# Furniture



## Pluto (Sep 12, 2013)

Lots of urban areas have "Furniture Liquidators". Too, many don't advertise in order to keep costs down. Often they are located in out of the way, maybe seedy looking strip malls. That's to keep costs down. Don't be afraid to walk in. The operators may seem like some Tony Soprano gang who spend nights hijacking trucks. How else could they sell this high end stuff so cheap? The reality is, some Liquidators buy really nice stuff from sellers who are distressed in some form or other - bankrupt stores, no room for the new models, people who returned stuff cause they changed their minds or it was too big, or too small, or the colour isn't right, and so on. 

The downside could be they don't have the selection. So, get some crap from Sally Ann. Then keep dropping by the Liquidators until you get what you desire. Then take the crap back to Sally Ann. You'll end up with a place full of high end stuff that could last a lifetime. 

But don't just buy from some place just because it has "Liquidator" plastered all over the place. Browse around a few of them, until you find the real deal.


----------



## newfoundlander61 (Feb 6, 2011)

Most of our home furniture was purchased used either thrift shops or other family members that were upgrading their furniture.


----------



## Ponderling (Mar 1, 2013)

I have bought a lot of our current furniture from an estate auction company. 
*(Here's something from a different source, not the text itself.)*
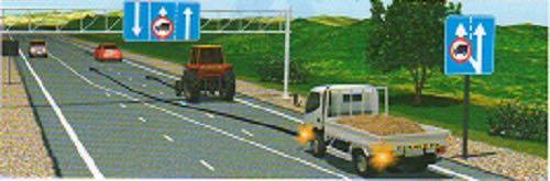 97. Зурагт үзүүлсэн бүх жин нь 3.5 тонноос бага ачааны автомашины жолооч гүйцэх зорилгоор дунд эгнээнд орохыг зөвшөөрөх үү?

These days a lot of folks are down sizing, so furniture moves though thier lives twice - once in the SFH, and once when they vacate the condo to move to assited living, in with the kids, or are deceased while living at the condo.


----------



## Addy (Mar 12, 2010)

Similar to newfoundlander61, most of our furniture, which 90% is high quality (solid wood or veneered solid wood) has come from garage sales or thrift stores, or relatives handing furniture down. We have purchased two Ikea storage units but they came second hand to us, I hate the cheap quality but they work great for storing games, puzzles, craft paper etc. so I put up with the lower quality for convenience.

I recently had a garden bench made out of some old, solid wood dining chairs that were freecycled to me. I love it, will try and post a picture if I can figure out how to.


----------